2024 : 12 : 27
Mohsen Rahmani

Mohsen Rahmani

Academic rank: Associate Professor
ORCID: https://orcid.org/0000-0001-6890-192X
Education: PhD.
ScopusId: 37061814300
HIndex:
Faculty: Engineering
Address: Arak University
Phone:

Research

Title
A Weak-Region Enhanced Bayesian Classification for Spam Content-Based Filtering
Type
JournalPaper
Keywords
Bayesian, feature selection, spam detection, text classification
Year
2023
Journal ACM Transactions on Asian and Low-Resource Language Information Processing
DOI
Researchers Vahid Nosrati ، Mohsen Rahmani

Abstract

This article proposes an improved Bayesian scheme by focusing on the region in which Bayesian may fail to correctly identify labels and improve classification performance by handling those errors.

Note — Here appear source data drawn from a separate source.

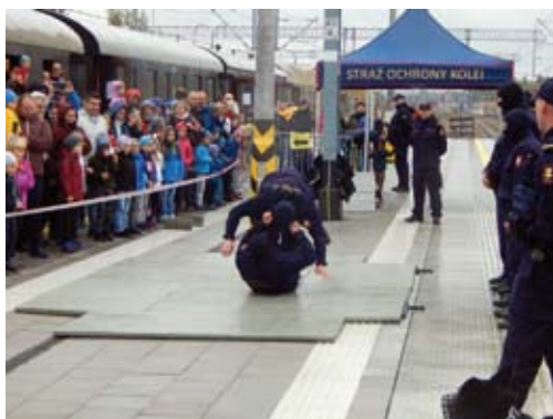
Pokaz sprawności Grup Operacyjno-Interwencyjnych SOK na peronie, w stacji Krzeszowice

Podróżowało nim ponad 200 uczestników w tym 65 dzieci, rodziców i nauczycielki Zespołu Szkolno-Przedszkolnego nr 10 w Krakowie. W trakcie przejazdu organizatorzy rozprowadzali słodycze i batony „7days” oraz napoje przekazane przez Spółkę „Wars”. Świadcami wydarzenia w Trzebini byli też jej mieszkańcy, którzy licznie przybyli na stację kolejową wraz z dziećmi.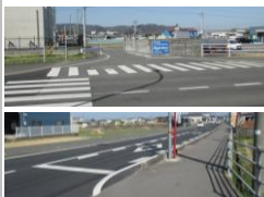
R3【NO. 1】 済

〔状況〕 見通しがよく、車の速度が上がりやすい場所、重と子供が接触しそになりました。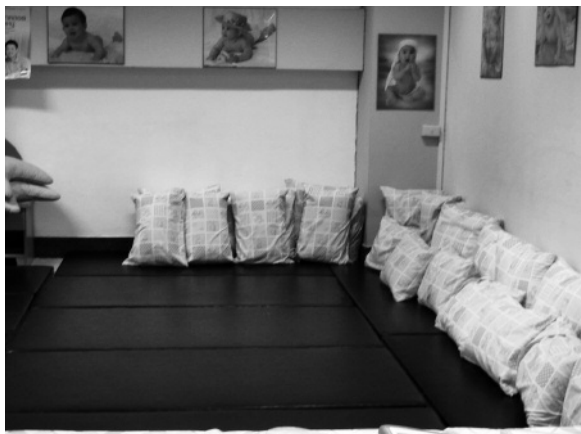
写真2. Childbirth Preparation Programme専用室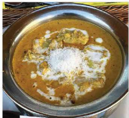
Seafood Curry (シーフードカレー) 新鮮な魚介を香り豊かなスパイスとココナッツベースで仕上げた、軽やかで旨みのあるカレー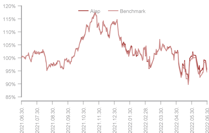
Az alap teljesítménye az elmúlt 12 hónapban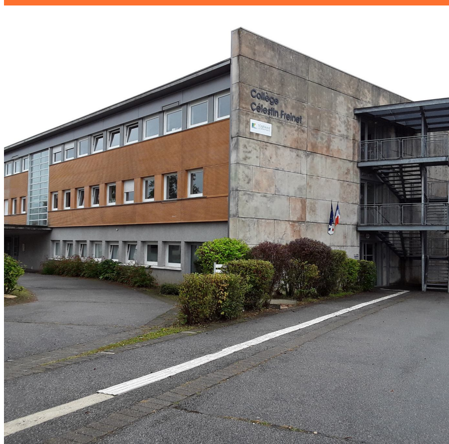
Collège C.Freinet, Ste-Maure-de-Touraine .© Ethan, 27 septembre 2021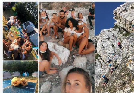
Séjour à Telgruc sur Mer

Cet été, nous avons installé une base sur le camping du Centre Nautique de Telgruc sur Mer. Ce site a accueilli différents groupes d'enfants et de jeunes sur une quinzaine de jours. Les 12/14 ans y ont séjourné durant 5 jours. Une semaine de baignade, de farniente et d'activités nautiques sous un soleil radieux.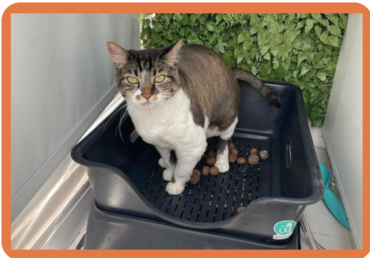
Pisando diretamente na bandeja.

Indicamos o uso de, no máximo, 1/3 de pedrinhas (apenas o suficiente para cobrir o fundo da bandeja). Isso permitirá que as pedrinhas sequem após a limpeza diária ou utilização e não apresentem cheiro.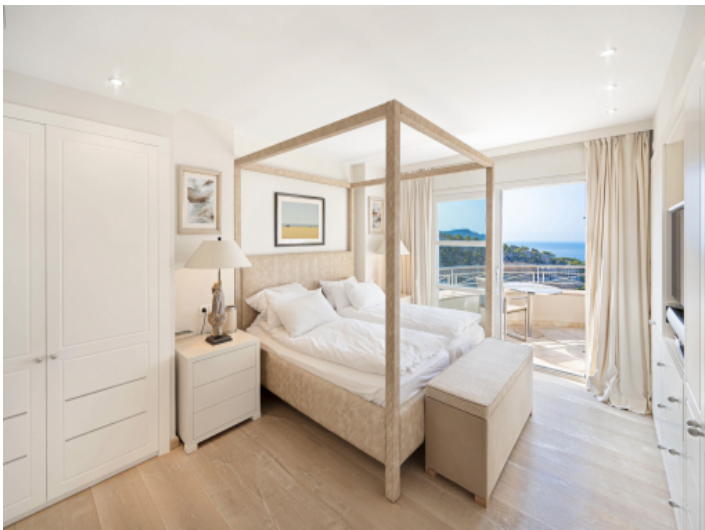
Eines von drei Schlafzimmern mit Meerblick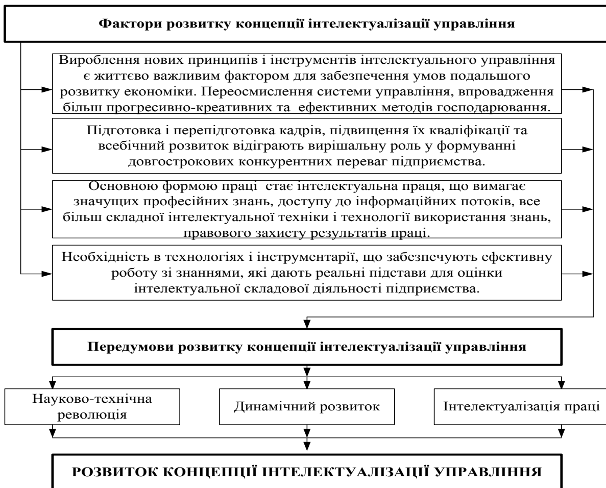
Рис. 2. Фактори та передумови розвитку концепції інтелектуалізації управління

Фактори та передумови розвитку концепції інтелектуалізації управління наведено на рис.2.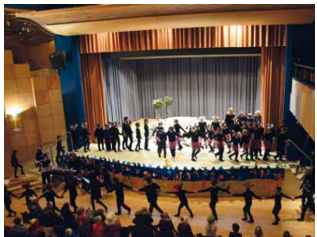
Unter lang anhaltendem Applaus verabschiedeten sich die Darsteller/innen vom zahlreich erschienen Publikum.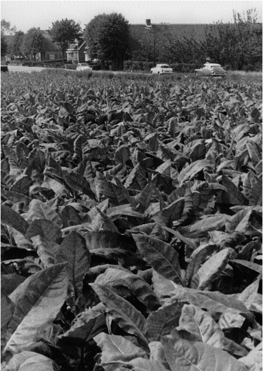
Tabaksveld aan de Rijksstraatweg te Elst(U)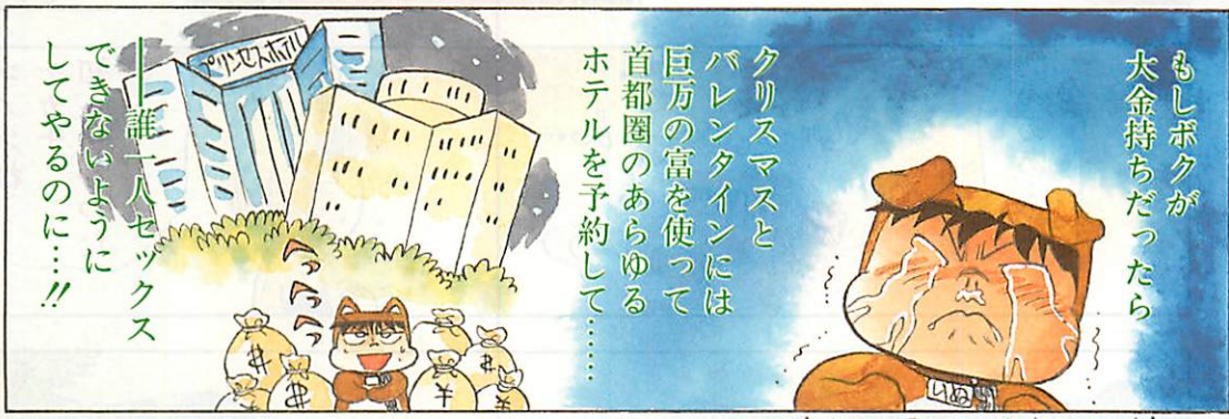
▲よくフラレねーよな この犬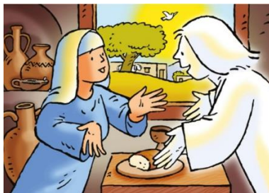
De engel Gabriël komt bij Maria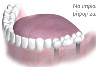
Na implantáty se připojí zubní můstky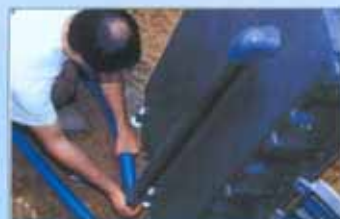
Si raccordano i tubi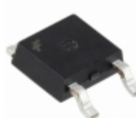
MC7810ECDTXM Fairchild/ON Semiconductor IC REG LDO 10V 1A TO252-3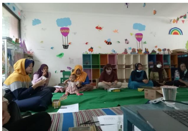
Gambar 3. sesi pelatihan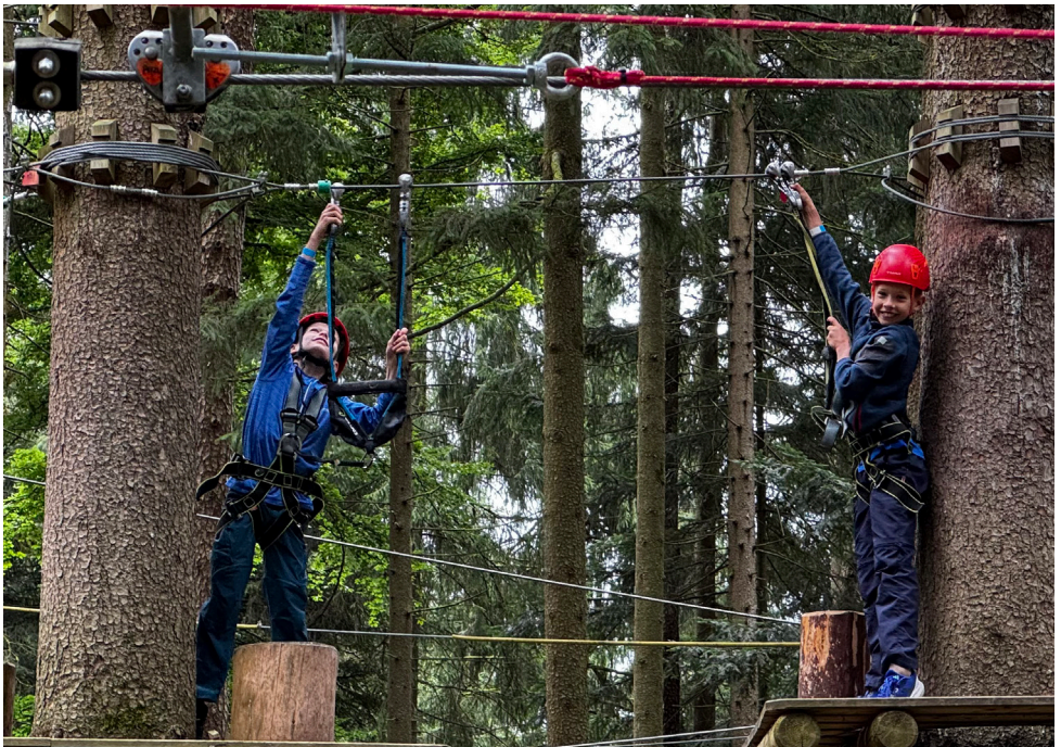
Ausflug in den Waldseilgarten Oberreith, 23.08.2025

Termine werden intern in den Klettergruppen bekannt gegeben.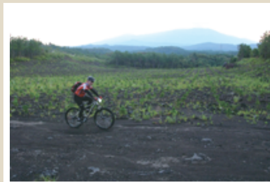
10/9 夜明け前にスタートした鳥海山グルッと一周MTBサイクリング。「鳥海山に上る朝日を背景に疾走するMTB」を意識してパシャ！ イメージどおりですか？ ㉕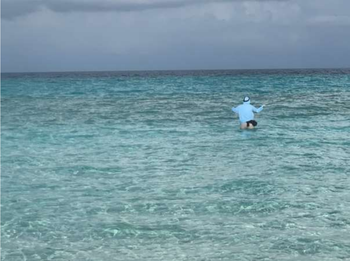
Never stop fishing!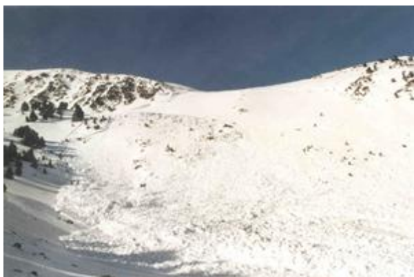
L'allau acabat de caure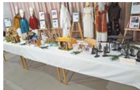
Galerie adventních postav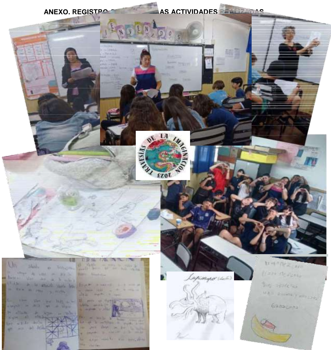
Taller "Travesías de la imaginación" 2023. Lectura de cuentos y caligramas, escritura de historias, acertijos, poemas dibujados, conjuros, juegos de palabras, invención de animales fantásticos (setiembre-diciembre 2023).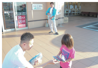
須恵町 (トレードマート須恵店、Aコープ須恵店)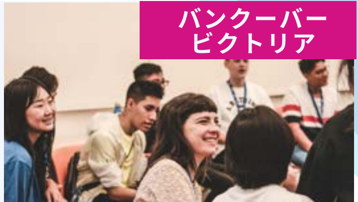
バンクーバー ビクトリア

SSLCのジュニア・サマープログラム「グッドタイムサマー」は、バンクーバーとビクトリア2都市にて開催。「ホームステイ滞在」「フルタイム英語学習」「アクティビティ」を組合せたサマープログラムでしっかり英語を学びながらもカナダを満喫することが可能です。ホームステイ滞在、他国から来る多くの友達、しっかりとした英語学習、カナダを満喫できる多くのアクティビティなど、楽しみながら多くの英語に触れ「カナディアン・ライフ」を満喫します。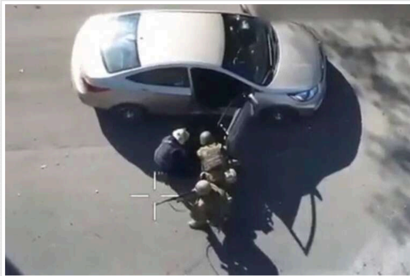
Розстріл мешканців Селидового: в Офісі генпрокурора розпочали розслідування

У місті Селидове в Донецькій області окупанти вчинили розстріл місцевих жителів. Прокурори розпочали розслідування.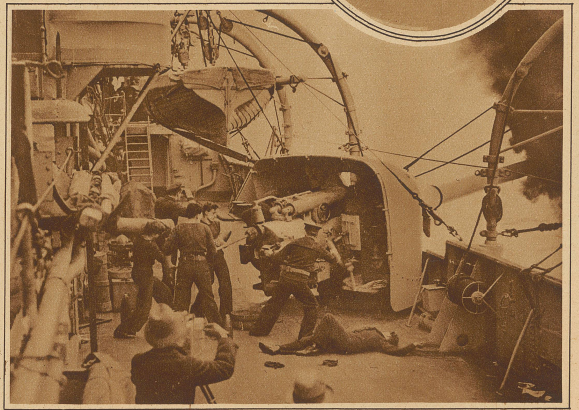
Ein englisches Kriegsschiff dient zur Verfilmung einer Seeschlacht. Zu Propaganda- und Belehrungszwecken wird gegenwärtig in England ein Film gedreht, der die Seeschlacht von Coronel im Jahre 1914 rekonstruieren soll. Unser Bild zeigt eine Geschützbedienung des Kreuzers Yarmouth in voller Kampftätigkeit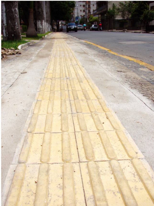
Trecho concluído da Avenida XV de Novembro, em frente ao Museu Municipal

O piso direcional é formado por barras paralelas e orienta o deslocamento de pessoas com deficiência visual ou baixa-visão. Já o piso de alerta é formado por pequenos troncos de cones, e serve como alerta para mudanças de direção, desníveis e na proteção de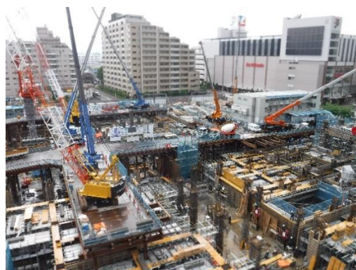
【写真③全体の俯瞰写真】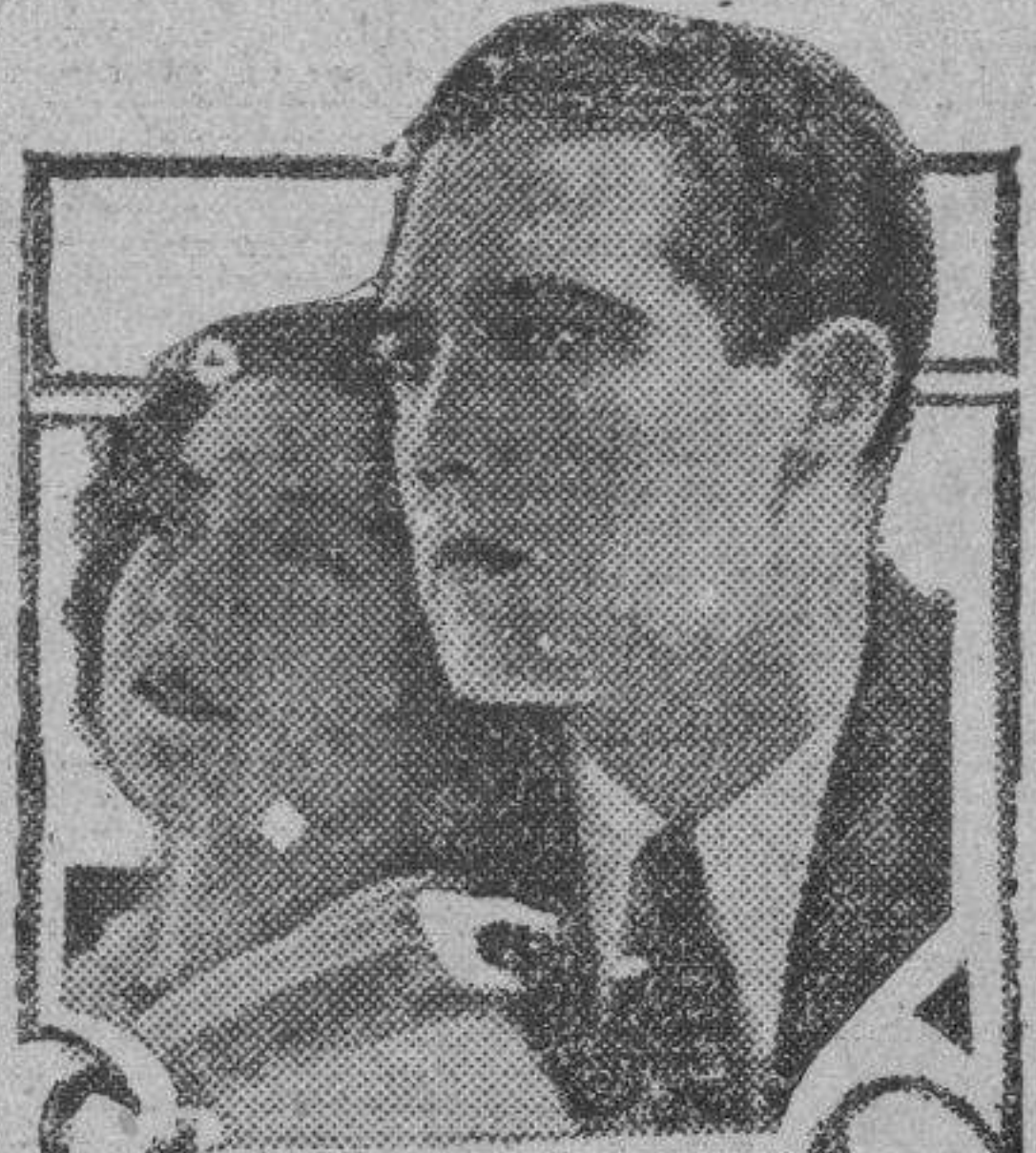
Una Merkel and John Holland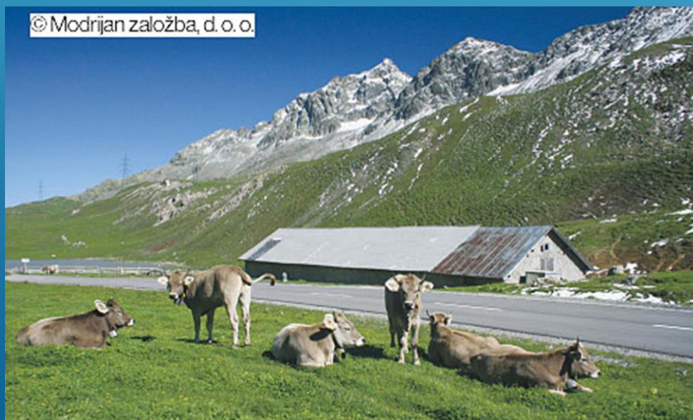
Visokogorski pašniki v Švici.

Najpomembnejša je živinoreja, katere posebnost je PLANINSKO PAŠNIŠTVO . Pozimi je živina v hlevih v dolinah, poleti pa na višje ležečih planinskih pašnikih. Zaradi sočne paše so mleko in mlečni izdelki zelo kakovostni (sir, čokolada).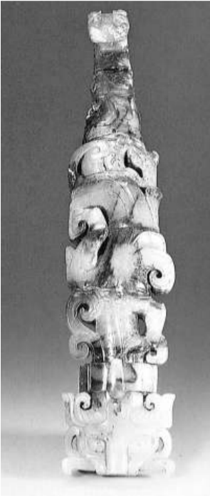
西漢龍虎首玉帶鉤

西漢玉器，如劍飾、帶鉤、璧、環、瑗、玦、蹀形佩、葬玉(如哈蟬、握鈎)、舞人、角形杯和玉衣等，縱使不是白玉，而是青玉，玉質也溫潤堅結、精光內蘊。造型、紋飾及線條千變萬化，極富藝術美。打磨拋光、鏤空(透雕)、穿孔等俱一絲不苟。線刻(包括陰刻)、浮雕和雙面雕鏤空，琢刻工藝精湛，多姿多彩，使人目不暇給。像附圖的青玉龍首虎首併體帶鉤，就是西漢(公元前時期)南越王墓出土的精品之一，帶天然褐沁，值得欣賞。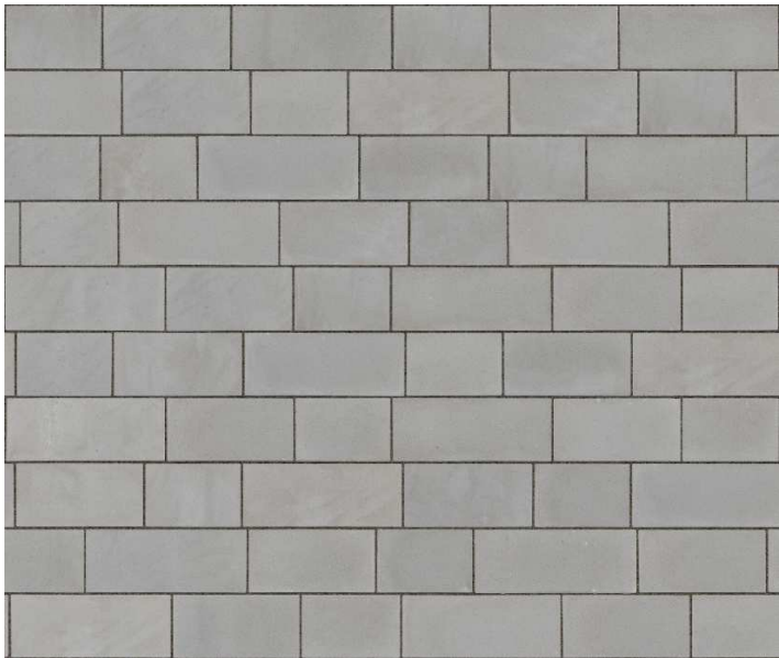
KOSTKA BETONOWA ZDJĘCIE POGLĄDOWE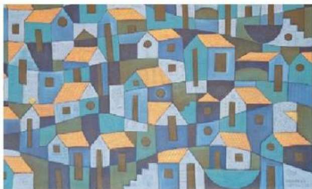
Le peintre Sérgio Ramos. Sous son pinceau, les maisons de Tiradentes ondulent comme des vagues.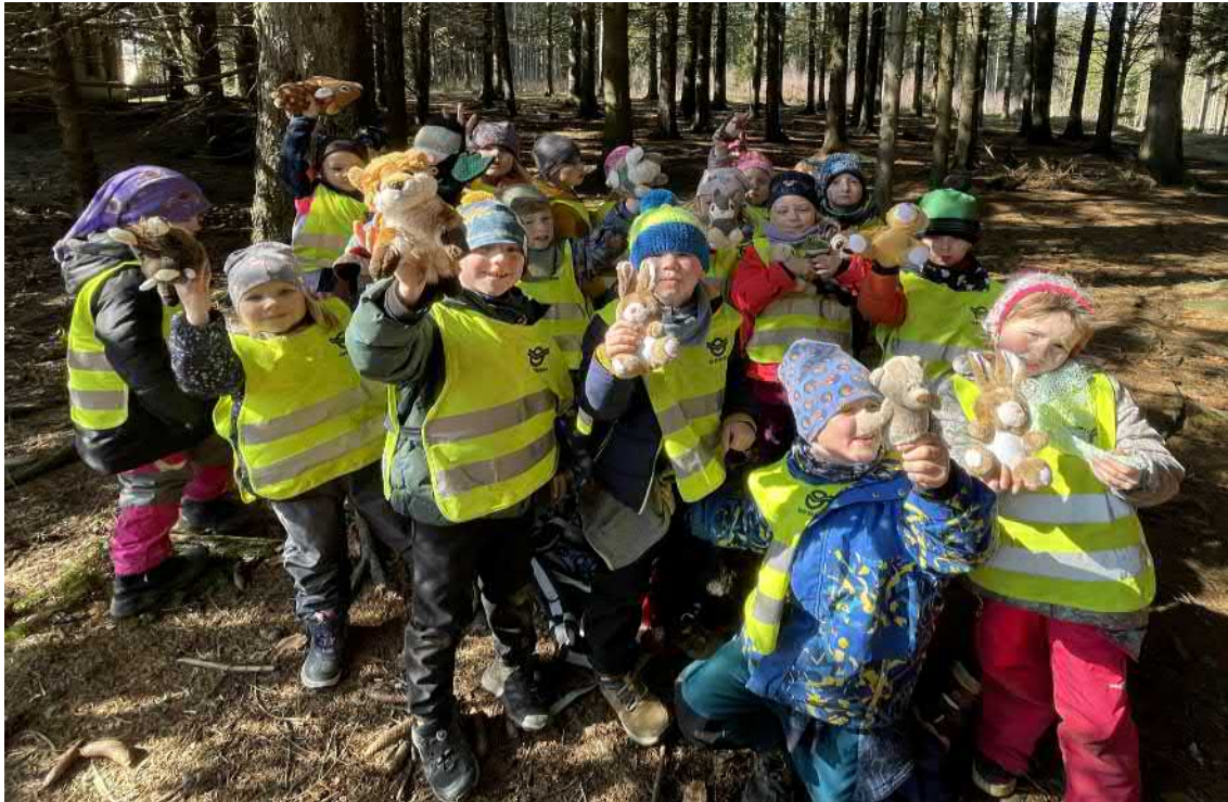
Objevujeme v přírodě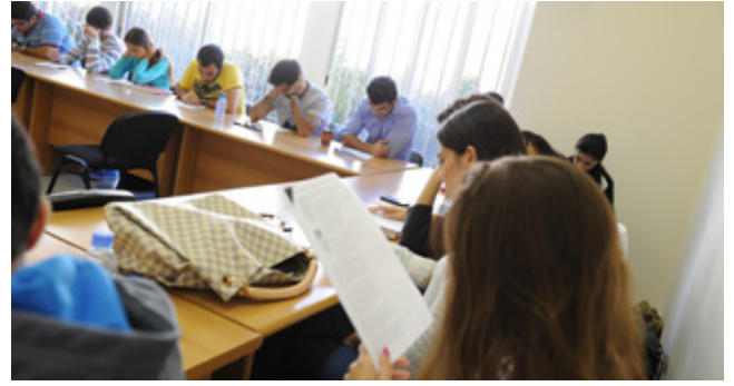
طلّاب السنة الأولى طب في مقرر PPS-1 وحدة "الحكاية والطب"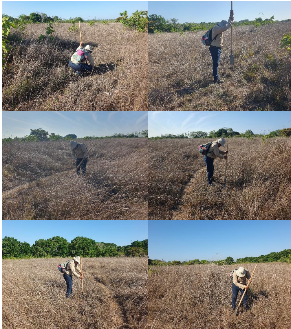
Fotos N° 41, 42, 43, 44, 45 y 46: Vista general, tramos prospectados. Muestra de Sondeo.

El siguiente cuadro muestra las coordenadas tomadas durante la prospección arqueológica:

Bayesian method, as a probabilistic classifier, uses Bayes’ theorem to calculate the probability of an instance belonging to a class, where the class label with a maximum probability is assigned to the instance. In a spam detection problem, it can be considered that the prediction of the Bayesian classifier is weak when the probability obtained for classes spam and non-spam are close to each other. Therefore, we define a threshold to determine weak prediction against strong prediction. A hybrid strategy using a two-layer Bayesian approach is presented: basic Bayesian (BBayes) and corrected weak region Bayesian (CWRBayes), which are concerned with strong and weak predictions, respectively. Both techniques, BBayes and CWRBayes, have the same classification mechanism, but they use different feature selection mechanisms. The proposed methods are implemented and evaluated over two datasets of spam e-mails, and the results show that the proposed method has better performance than the baseline of the naïve Bayesian and some other Bayesian variants.